◆ TASK DESCRIPTION ◆
Report, as a single figure, how many lines in the records below include "your".

*** Opening of SOURCE DATA ***

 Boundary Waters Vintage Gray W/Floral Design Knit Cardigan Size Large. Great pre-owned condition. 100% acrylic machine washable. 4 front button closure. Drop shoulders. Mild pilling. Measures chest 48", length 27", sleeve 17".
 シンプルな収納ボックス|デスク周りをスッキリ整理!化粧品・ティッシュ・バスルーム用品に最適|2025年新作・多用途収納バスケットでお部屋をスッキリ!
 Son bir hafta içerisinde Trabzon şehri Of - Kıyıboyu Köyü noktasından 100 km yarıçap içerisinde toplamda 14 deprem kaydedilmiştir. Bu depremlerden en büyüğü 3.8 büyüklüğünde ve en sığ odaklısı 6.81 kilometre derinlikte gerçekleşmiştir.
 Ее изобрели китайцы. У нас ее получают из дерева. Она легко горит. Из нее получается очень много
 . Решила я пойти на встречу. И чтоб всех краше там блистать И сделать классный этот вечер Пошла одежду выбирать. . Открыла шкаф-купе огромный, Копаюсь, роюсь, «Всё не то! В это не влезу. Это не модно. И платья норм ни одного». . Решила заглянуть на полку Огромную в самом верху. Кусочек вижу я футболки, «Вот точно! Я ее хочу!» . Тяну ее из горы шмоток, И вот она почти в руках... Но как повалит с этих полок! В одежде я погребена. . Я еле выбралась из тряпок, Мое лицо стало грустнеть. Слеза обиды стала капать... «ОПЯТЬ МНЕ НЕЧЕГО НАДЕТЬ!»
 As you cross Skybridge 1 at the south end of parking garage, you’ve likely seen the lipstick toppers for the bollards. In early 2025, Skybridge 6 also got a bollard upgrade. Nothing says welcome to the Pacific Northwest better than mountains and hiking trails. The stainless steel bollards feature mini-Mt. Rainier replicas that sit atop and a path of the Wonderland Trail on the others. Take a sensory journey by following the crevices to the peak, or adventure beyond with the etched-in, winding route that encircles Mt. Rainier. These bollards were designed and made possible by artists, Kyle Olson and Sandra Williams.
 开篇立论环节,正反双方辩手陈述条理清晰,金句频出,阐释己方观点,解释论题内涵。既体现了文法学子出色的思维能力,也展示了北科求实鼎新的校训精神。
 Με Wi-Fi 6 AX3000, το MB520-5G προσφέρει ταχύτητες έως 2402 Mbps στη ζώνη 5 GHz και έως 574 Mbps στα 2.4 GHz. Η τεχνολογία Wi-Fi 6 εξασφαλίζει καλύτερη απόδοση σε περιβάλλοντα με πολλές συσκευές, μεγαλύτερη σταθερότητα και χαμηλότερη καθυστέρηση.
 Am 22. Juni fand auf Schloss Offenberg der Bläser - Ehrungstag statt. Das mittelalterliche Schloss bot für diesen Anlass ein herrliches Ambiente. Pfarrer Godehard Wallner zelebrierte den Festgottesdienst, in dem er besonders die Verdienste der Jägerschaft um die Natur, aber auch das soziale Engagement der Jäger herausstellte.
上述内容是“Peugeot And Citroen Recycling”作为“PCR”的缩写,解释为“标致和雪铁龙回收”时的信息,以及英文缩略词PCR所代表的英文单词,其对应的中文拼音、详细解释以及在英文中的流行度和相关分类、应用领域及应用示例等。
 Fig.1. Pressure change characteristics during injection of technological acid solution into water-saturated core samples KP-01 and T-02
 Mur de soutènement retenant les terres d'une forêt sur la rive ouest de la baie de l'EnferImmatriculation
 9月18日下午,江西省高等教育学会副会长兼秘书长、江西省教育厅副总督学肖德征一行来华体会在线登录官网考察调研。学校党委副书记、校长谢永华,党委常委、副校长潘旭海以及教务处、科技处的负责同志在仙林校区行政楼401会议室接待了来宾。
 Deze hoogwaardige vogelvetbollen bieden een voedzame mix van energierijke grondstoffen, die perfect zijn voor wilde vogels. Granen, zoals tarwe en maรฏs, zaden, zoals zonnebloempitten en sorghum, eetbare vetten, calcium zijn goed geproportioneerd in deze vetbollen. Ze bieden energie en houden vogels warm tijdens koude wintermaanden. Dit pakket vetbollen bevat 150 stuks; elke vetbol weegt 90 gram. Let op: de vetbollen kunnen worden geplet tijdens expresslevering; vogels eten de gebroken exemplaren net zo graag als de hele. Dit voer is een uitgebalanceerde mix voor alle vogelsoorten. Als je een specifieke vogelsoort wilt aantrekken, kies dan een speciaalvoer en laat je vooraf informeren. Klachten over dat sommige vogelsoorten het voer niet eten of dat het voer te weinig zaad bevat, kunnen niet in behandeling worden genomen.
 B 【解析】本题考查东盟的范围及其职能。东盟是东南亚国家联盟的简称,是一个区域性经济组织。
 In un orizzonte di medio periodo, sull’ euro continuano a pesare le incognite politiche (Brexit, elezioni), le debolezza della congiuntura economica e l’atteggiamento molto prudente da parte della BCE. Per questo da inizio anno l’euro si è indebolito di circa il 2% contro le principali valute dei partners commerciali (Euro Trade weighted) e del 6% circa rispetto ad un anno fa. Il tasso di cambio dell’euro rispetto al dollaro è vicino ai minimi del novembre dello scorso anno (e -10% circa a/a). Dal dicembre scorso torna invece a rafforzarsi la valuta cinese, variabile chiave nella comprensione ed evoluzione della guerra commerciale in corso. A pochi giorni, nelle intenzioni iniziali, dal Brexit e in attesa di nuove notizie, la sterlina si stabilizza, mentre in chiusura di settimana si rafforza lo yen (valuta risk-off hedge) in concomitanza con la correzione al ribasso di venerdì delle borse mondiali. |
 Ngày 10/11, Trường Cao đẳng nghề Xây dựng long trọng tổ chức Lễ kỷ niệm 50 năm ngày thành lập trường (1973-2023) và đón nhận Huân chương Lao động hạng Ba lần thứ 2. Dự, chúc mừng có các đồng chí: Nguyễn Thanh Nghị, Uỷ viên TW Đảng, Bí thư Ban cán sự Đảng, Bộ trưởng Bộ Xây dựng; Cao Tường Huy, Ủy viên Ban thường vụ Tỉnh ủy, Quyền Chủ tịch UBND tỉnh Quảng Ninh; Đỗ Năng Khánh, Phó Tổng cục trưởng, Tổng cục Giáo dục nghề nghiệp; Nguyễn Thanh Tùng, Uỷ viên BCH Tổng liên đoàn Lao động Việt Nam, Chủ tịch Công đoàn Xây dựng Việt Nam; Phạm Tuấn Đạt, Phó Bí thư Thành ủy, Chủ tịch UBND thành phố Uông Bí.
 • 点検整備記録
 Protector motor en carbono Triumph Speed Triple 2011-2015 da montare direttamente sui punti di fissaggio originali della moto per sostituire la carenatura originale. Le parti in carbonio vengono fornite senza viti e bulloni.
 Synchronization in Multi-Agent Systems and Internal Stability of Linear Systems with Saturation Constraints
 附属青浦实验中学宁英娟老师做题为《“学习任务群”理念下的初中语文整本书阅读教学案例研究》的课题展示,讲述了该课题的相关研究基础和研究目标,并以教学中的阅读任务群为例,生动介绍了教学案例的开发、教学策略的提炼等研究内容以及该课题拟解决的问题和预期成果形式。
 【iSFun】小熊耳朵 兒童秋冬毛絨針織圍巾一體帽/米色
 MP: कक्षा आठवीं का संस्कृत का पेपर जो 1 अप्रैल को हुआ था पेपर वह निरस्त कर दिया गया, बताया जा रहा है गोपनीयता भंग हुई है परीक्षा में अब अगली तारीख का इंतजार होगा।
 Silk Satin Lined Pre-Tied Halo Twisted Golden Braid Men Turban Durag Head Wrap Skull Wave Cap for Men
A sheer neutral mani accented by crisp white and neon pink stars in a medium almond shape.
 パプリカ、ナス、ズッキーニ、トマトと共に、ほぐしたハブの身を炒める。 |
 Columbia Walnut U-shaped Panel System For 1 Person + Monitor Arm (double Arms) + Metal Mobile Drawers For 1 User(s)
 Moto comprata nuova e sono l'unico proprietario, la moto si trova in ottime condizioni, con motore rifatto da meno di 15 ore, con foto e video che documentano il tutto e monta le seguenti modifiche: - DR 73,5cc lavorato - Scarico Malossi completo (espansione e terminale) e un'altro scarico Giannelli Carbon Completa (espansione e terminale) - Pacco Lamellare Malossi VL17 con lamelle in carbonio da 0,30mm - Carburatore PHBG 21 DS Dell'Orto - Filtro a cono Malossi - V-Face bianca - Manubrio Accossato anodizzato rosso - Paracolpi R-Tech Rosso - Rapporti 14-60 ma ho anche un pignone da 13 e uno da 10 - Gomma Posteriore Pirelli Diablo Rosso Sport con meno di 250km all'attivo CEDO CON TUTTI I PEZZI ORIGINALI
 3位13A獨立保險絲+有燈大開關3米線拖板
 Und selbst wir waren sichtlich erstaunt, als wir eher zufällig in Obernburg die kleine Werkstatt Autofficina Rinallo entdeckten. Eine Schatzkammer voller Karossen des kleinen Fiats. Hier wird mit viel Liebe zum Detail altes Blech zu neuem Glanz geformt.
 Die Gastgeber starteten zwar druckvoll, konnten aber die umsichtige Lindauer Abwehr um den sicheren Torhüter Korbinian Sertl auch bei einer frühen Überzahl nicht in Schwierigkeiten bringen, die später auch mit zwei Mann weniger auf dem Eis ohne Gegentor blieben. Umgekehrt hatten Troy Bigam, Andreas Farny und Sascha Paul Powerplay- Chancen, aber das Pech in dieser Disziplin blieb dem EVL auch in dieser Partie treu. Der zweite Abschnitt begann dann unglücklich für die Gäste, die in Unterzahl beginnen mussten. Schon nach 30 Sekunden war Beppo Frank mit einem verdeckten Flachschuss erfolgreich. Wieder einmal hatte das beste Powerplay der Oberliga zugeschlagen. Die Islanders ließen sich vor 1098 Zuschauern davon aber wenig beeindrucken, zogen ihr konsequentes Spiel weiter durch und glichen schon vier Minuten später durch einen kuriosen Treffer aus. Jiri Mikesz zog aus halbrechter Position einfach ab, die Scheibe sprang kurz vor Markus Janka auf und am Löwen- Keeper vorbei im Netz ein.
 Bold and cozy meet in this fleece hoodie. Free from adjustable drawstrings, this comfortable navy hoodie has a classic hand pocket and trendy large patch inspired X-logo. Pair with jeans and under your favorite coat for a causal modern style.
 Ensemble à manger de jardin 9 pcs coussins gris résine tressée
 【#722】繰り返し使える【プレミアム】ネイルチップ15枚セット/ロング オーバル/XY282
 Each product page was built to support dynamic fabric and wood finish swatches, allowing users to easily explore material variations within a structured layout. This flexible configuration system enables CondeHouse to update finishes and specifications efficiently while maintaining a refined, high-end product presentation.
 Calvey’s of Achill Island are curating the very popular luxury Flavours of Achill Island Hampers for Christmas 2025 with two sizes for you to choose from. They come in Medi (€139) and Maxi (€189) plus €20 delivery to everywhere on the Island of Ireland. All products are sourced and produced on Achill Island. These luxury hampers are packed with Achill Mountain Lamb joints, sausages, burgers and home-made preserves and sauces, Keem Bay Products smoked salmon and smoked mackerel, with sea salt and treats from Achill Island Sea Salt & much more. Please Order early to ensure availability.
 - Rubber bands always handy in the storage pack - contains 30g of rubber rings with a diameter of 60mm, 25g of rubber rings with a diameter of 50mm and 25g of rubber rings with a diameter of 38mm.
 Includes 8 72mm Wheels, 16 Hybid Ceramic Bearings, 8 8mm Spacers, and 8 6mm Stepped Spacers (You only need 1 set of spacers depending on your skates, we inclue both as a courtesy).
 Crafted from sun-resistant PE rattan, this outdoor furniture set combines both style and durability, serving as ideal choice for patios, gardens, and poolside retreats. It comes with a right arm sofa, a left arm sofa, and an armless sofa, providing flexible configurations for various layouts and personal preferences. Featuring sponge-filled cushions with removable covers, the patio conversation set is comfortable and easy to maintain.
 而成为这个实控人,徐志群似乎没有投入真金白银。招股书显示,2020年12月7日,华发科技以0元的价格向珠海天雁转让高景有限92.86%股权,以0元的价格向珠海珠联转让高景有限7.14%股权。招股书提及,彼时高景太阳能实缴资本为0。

*** Close of SOURCE DATA ***

◆ SOLUTION TO THE PROBLEM ◆
2